> [Dataset content]:
- - -
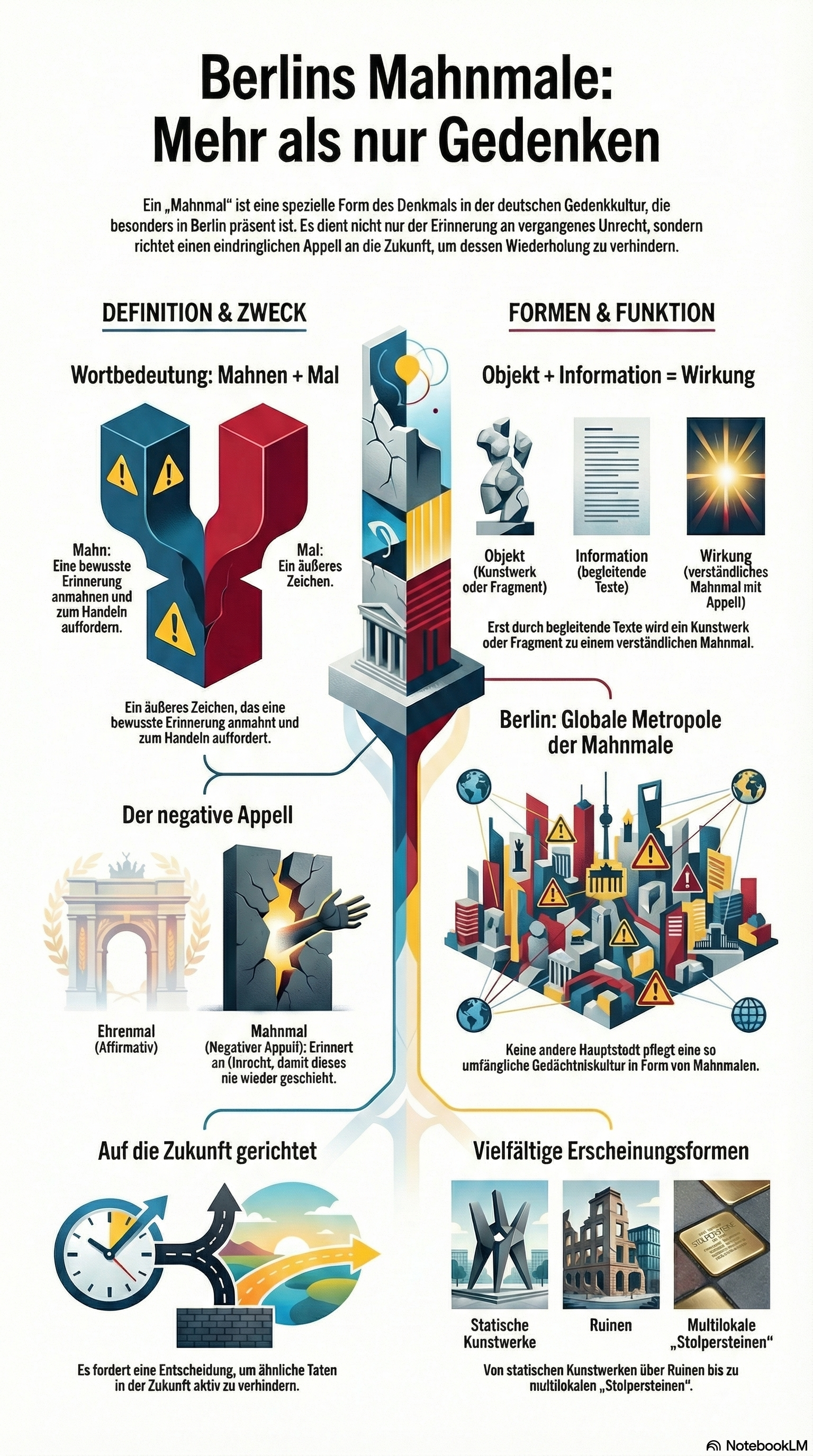 Erster Text: Mahnmale in Berlin, in: Erinnern Mahnen Gedenken (EMG), hg. v. E.H., Framersheim 2016, S. 74-82. Zweiter Text: Einleitung zu "Berlin Memopolis. Mahnmale in Berlin", 2. Auflage, Berlin: Talawah 2023.Dieser Text bietet eine tiefgehende Analyse des spezifisch deutschen Begriffs Mahnmal und grenzt diesen deutlich von herkömmlichen Denkmalen oder Ehrenmalen ab. Während ein Denkmal lediglich der Erinnerung dient, zeichnet sich das Mahnmal durch eine negative Appellfunktion aus, die das Wissen um vergangene Gräueltaten in eine ethische Verpflichtung für die Zukunft übersetzt, um deren Wiederholung zu verhindern. Der Autor untersucht dabei die Gedächtniskultur Berlins, in der Mahnmale als vielschichtige Objekte – von Ruinen bis hin zu künstlerischen Installationen – fungieren und stets eine Verbindung von historischer Information und existenzieller Reflexion erfordern. Letztlich wird das Mahnmal als ein dynamisches Instrument verstanden, das gegen das Vergessen und Verdrängen arbeitet und den Betrachter zu einer bewussten Entscheidung für soziales Handeln in einer globalen Gegenwart auffordert.
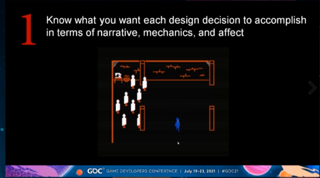 Smith’s summed up his first “tool” as this: “Know what you want each design decision to accomplish in terms of narrative, mechanics, and affect.”
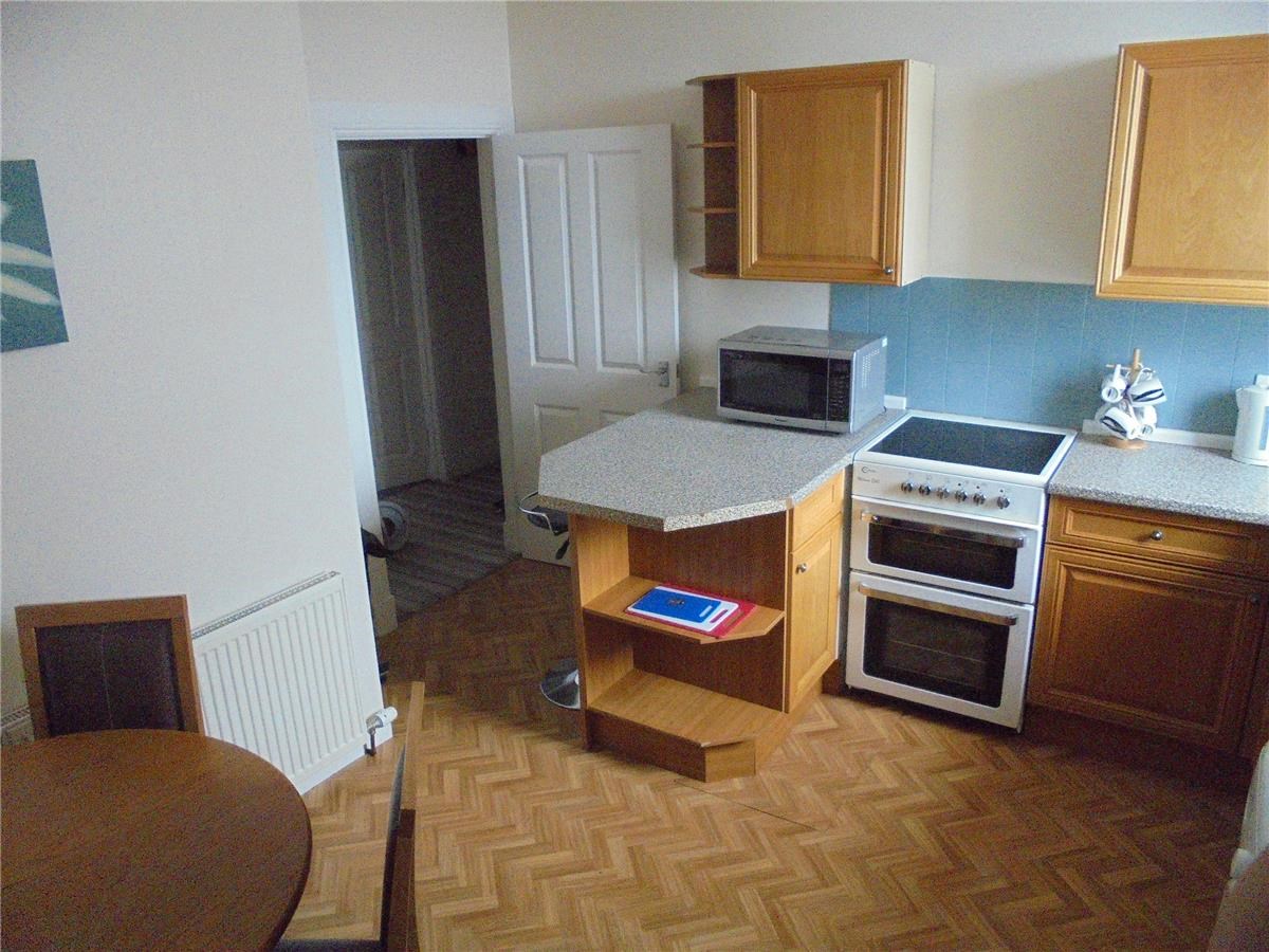 One Bedroom second Floor Flat in well maintained building within walking distance to town on on bus route with street parking. Hall, Lounge with pebble effect electric fire in feature fireplace, Large Dining Kitchen with breakfast bar and area with dining table & chairs, Double Bedroom with mirrored built in wardrobe, Modern Bathroom with shower, DG and Gas CH, Security Door Entry System, communal rear garden area and secure store in rear garden. Council Tax Band A, EPC Rating C. Entry : October 2025.
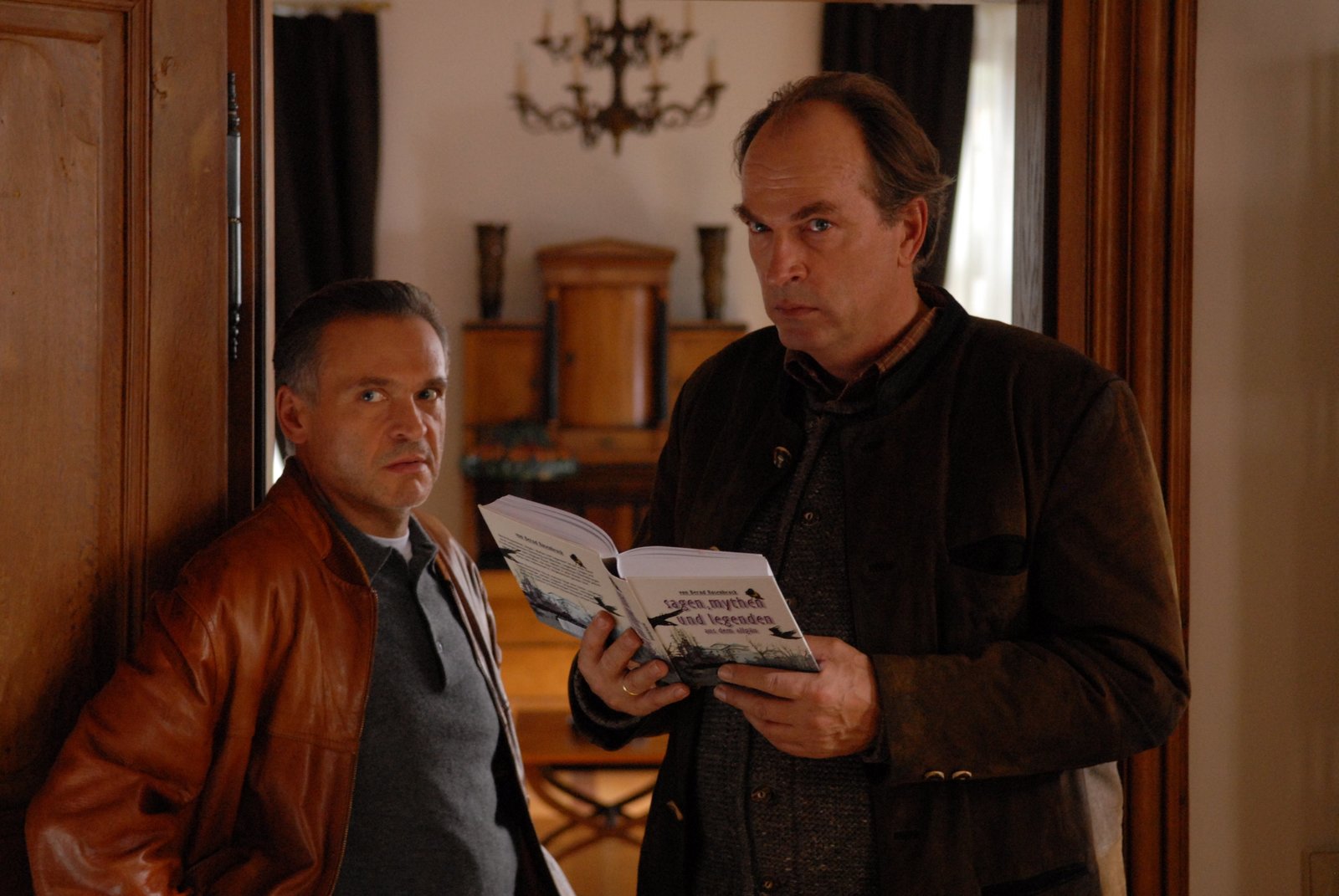 Erntedank - Ein AllgäukrimiDurchsuchung bei Richter Hartmann. Das vorgefundene Sagenbuch wirft für die Kommissare Kluftinger (Herbert Knaup, rechts) und Hefele (Jockel Tschiersch, links) neue Fragen auf.Bild: © Heimatkanal (DE)
- - -
> [Instructions to follow]:
Give back the material word for word, leaving out its pictures.

> [Answer]:
 Erster Text: Mahnmale in Berlin, in: Erinnern Mahnen Gedenken (EMG), hg. v. E.H., Framersheim 2016, S. 74-82. Zweiter Text: Einleitung zu "Berlin Memopolis. Mahnmale in Berlin", 2. Auflage, Berlin: Talawah 2023.Dieser Text bietet eine tiefgehende Analyse des spezifisch deutschen Begriffs Mahnmal und grenzt diesen deutlich von herkömmlichen Denkmalen oder Ehrenmalen ab. Während ein Denkmal lediglich der Erinnerung dient, zeichnet sich das Mahnmal durch eine negative Appellfunktion aus, die das Wissen um vergangene Gräueltaten in eine ethische Verpflichtung für die Zukunft übersetzt, um deren Wiederholung zu verhindern. Der Autor untersucht dabei die Gedächtniskultur Berlins, in der Mahnmale als vielschichtige Objekte – von Ruinen bis hin zu künstlerischen Installationen – fungieren und stets eine Verbindung von historischer Information und existenzieller Reflexion erfordern. Letztlich wird das Mahnmal als ein dynamisches Instrument verstanden, das gegen das Vergessen und Verdrängen arbeitet und den Betrachter zu einer bewussten Entscheidung für soziales Handeln in einer globalen Gegenwart auffordert.
 Smith’s summed up his first “tool” as this: “Know what you want each design decision to accomplish in terms of narrative, mechanics, and affect.”
 One Bedroom second Floor Flat in well maintained building within walking distance to town on on bus route with street parking. Hall, Lounge with pebble effect electric fire in feature fireplace, Large Dining Kitchen with breakfast bar and area with dining table & chairs, Double Bedroom with mirrored built in wardrobe, Modern Bathroom with shower, DG and Gas CH, Security Door Entry System, communal rear garden area and secure store in rear garden. Council Tax Band A, EPC Rating C. Entry : October 2025.
 Erntedank - Ein AllgäukrimiDurchsuchung bei Richter Hartmann. Das vorgefundene Sagenbuch wirft für die Kommissare Kluftinger (Herbert Knaup, rechts) und Hefele (Jockel Tschiersch, links) neue Fragen auf.Bild: © Heimatkanal (DE)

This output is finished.